Overview
huihui-ai/Qwen2.5-0.5B-Instruct-CensorTune is a 0.5 billion parameter instruction-tuned model, derived from Qwen/Qwen2.5-0.5B-Instruct. Its primary distinction is the application of CensorTune, a Supervised Fine-Tuning (SFT) technique, to significantly improve its ability to reject harmful instructions.
Key Capabilities & Features
- Enhanced Safety: Fine-tuned on 622 harmful instructions in a single SFT iteration to prioritize rejection of unsafe content.
- Zero-Pass Rate: Achieves a 0% pass rate for 320 specific harmful instructions, demonstrating strong filtering capabilities.
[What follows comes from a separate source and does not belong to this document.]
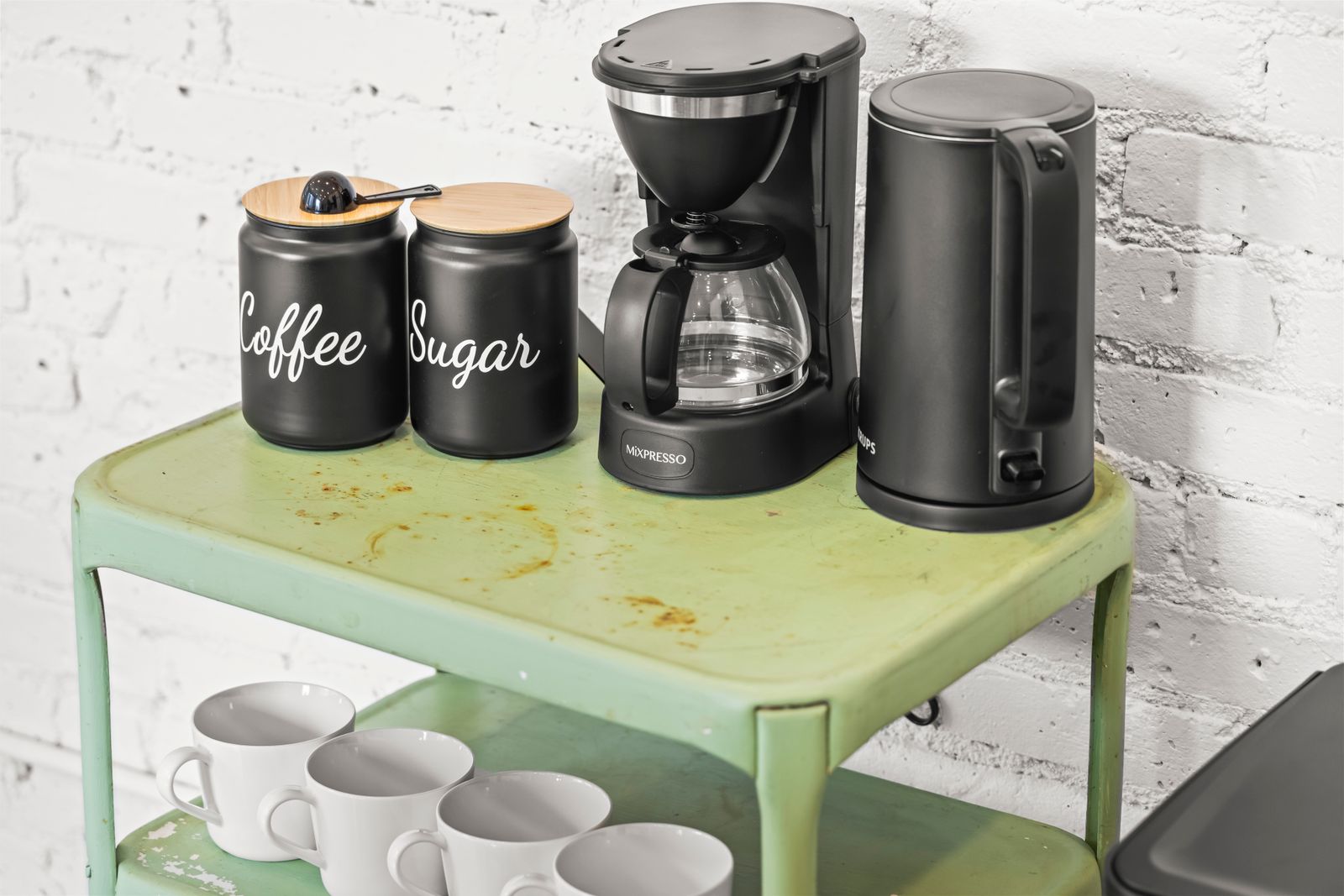 The kitchen is stocked with everything you need to cook like a pro, from cookware and bakeware to stylish dishware. Start your mornings with the drip coffee maker, complete with a generous supply of complimentary coffee.

- Efficiency: The CensorTune method enables substantial safety improvements with a single fine-tuning iteration, leveraging the lightweight Qwen2.5-0.5B base model.
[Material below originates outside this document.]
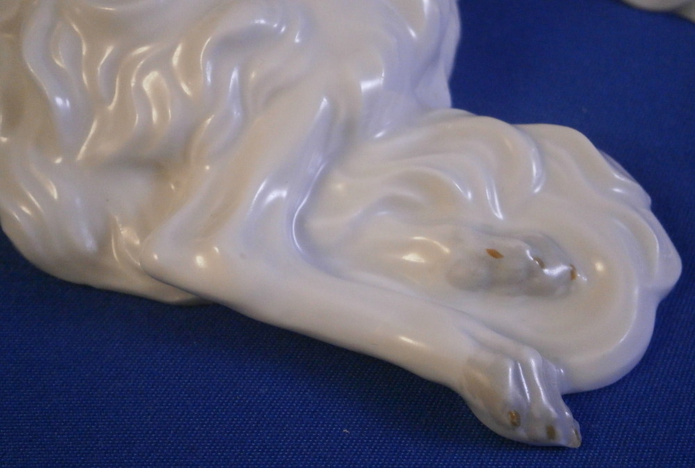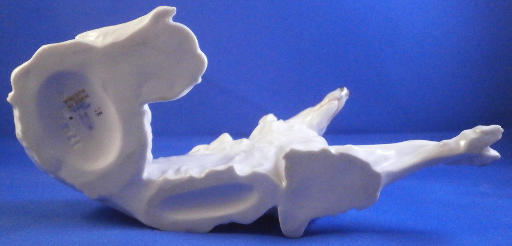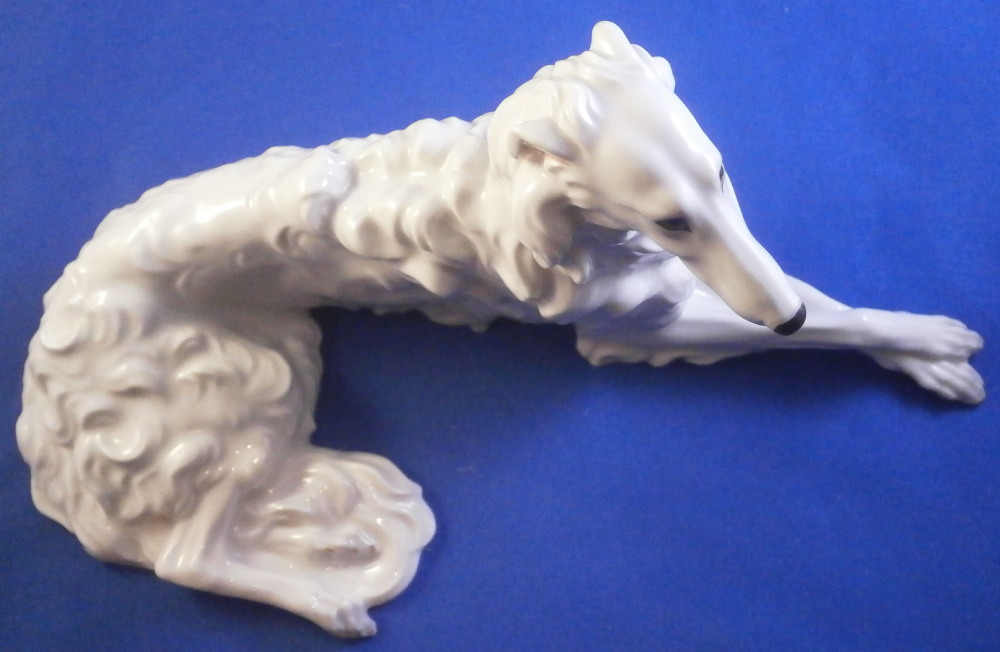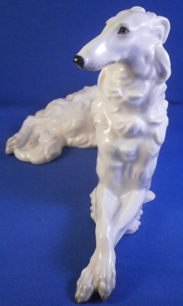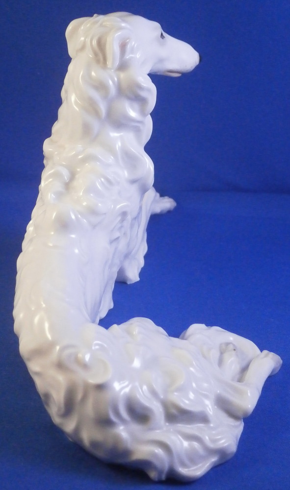 This is a figurine of a Russian Wolf dog / Wolfhound / Borzoi made by Augarten in the mid 20th century. A superbly modeled figure with lots of detail to it and hand painted just enough to look amazing! The fur is really well done as is the detail of the face and paws. One of their nicer models for sure. The figurine is the medium sized version being 4.25 inches tall, 8.125 inches long and 3.75 inches deep. It is in perfect condition. Marked underneath with the blue shield with the crown on top as well as the word Wien underneath, impressed number 1713/II, an inpressed letter F as well as Made in Austria in red and a painter's mark 82 (I think). as shown. Please email me for more information or photos.

- Lightweight: Its 0.5B parameter size ensures efficient deployment and low-cost safety enhancements.
Performance & Limitations
While excelling in safety, the CensorTune process impacts general instruction-following performance. For instance, its IF_Eval score is 16.20 compared to the base Qwen2.5-0.5B-Instruct's 33.07. Users should be aware that this model may accidentally reject non-harmful instructions, in which case clearing the chat history is recommended.
Good For
- Applications requiring stringent content moderation and safety against harmful prompts.
- Scenarios where a lightweight model with robust rejection capabilities is preferred.
- Use cases prioritizing safety over general instruction-following breadth.